Banco de Oro debuts in dollar market

Bank issues first senior fixed rate bond from the Philippines since the Asian financial crisis.

One of the Philippines fastest growing and most dynamic banks made its debut in the international bond markets yesterday (Thursday) with a $150 million issue via UBS.

Ba2 rated Banco de Oro (BDO) priced a five non-put three transaction at 99.331% on a coupon of 6.5% to yield 6.75%. This equates to a spread of 449bp over Treasuries, or 414bp over Libor. Fees were 75bp.

At this level, the Sy family owned bank came 151bp over the sovereign, which has an October 2026 bond puttable in 2006 outstanding. On a like-for-like basis, it also came about 8bp to 9bp through its own parent, unlisted and unrated SM Investments (SMI), the holding company of the SM group.

In October 2002, SMI issued a $300 million five-year Eurobond with an 8% coupon at an 80bp premium to the sovereign. Over the past nine months, however, corporate paper has underperformed the sovereign and the differential between the two has widened.

Having embarked on roadshows in Manila on Tuesday, books for BDO's deal were closed ahead of European presentations after orders of $750 million were accumulated. This is a relatively large book for a small deal and especially given that it is in one of the few Asian countries on a downwards ratings trajectory.

About 53 investors participated and no one account was allocated more than $10 million in paper. By geography, the book split 43% Singapore, 31% Philippines, 16% Hong Kong, 8% Europe, 1% Australia and 1% Indonesia. By investor type, private banks took 50%, asset managers 32%, banks 15% and insurance companies 3%.
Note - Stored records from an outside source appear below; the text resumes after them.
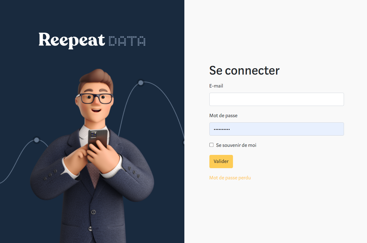 Pour vous connecter sur Reepeat Data, rendez-vous sur https://data.reepeat.fr puis saisissez votre adresse e-mail puis votre mot de passe.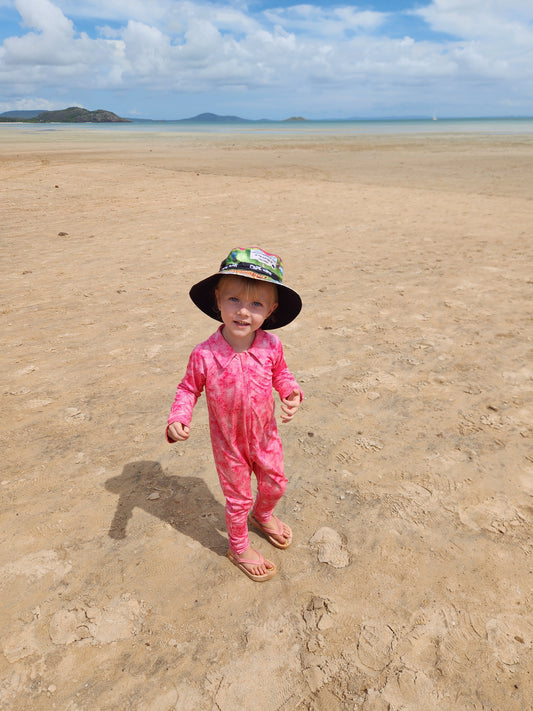 Introducing the Beachy Bub fishing and outdoor romper, designed especially for young children. This adorable, practical romper offers the ultimate sun and insect protection, providing a gentle alternative to sunscreens and insect repellents. Perfect for a day out and about, it lets your little ones explore and play comfortably and stylishly in the great outdoors. Give them the freedom to enjoy every adventure, grab yours today and see the difference in comfort and peace of mind!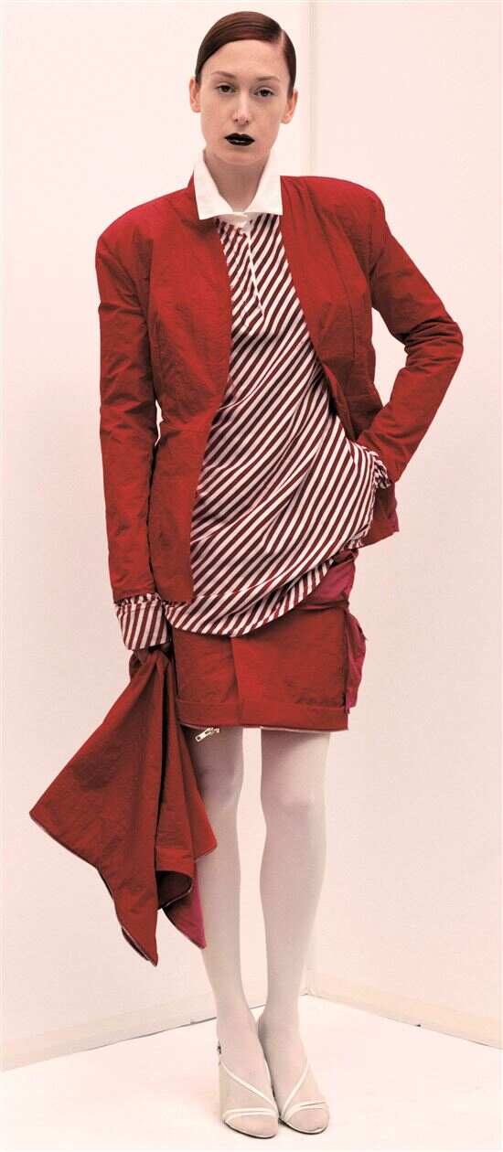 红色这种亮色在造型穿搭的使用当中,大面积渲染虽是热情典范,但若不施以小技巧很可能“变”成“灾难现场”,尤其是对黄皮肤的时髦精来说,“一半红”才是简单不费力的搭配思路。

One of the most striking aspects of the deal is the high private banking participation, which is hardly surprising given the strong reputation of the Sy brand.

Unlike the rest of the Philippines' banking sector, BDO appears to have been able to combine high growth with stable credit quality.

Out of 41 banks in the Philippines, BDO is one of only two with an NPL ratio below 10% and falling. The other is tiny Asia United. As of May this year, BDO's NPL ratio stood at 7.4% compared to a 15.41% average for the domestic banking sector.

Over the course of the first six months, net income also shot up 30% to Ps654.9 million. During 2002, the bank catapulted itself to the tenth largest in the country after the purchase of 57 First E-Corp branches from Metro Pacific. The previous year it also listed on the Philippines Stock Exchange, with a Ps1.8 billion ($38 million) IPO that ranked larger than all new listings in the Philippines since 1997 - combined.

Observers also conclude that its debt deal benefited from the surprise upgrade of Russia's credit rating from Ba2 to Baa3 by Moody's, which gave all emerging markets paper a lift.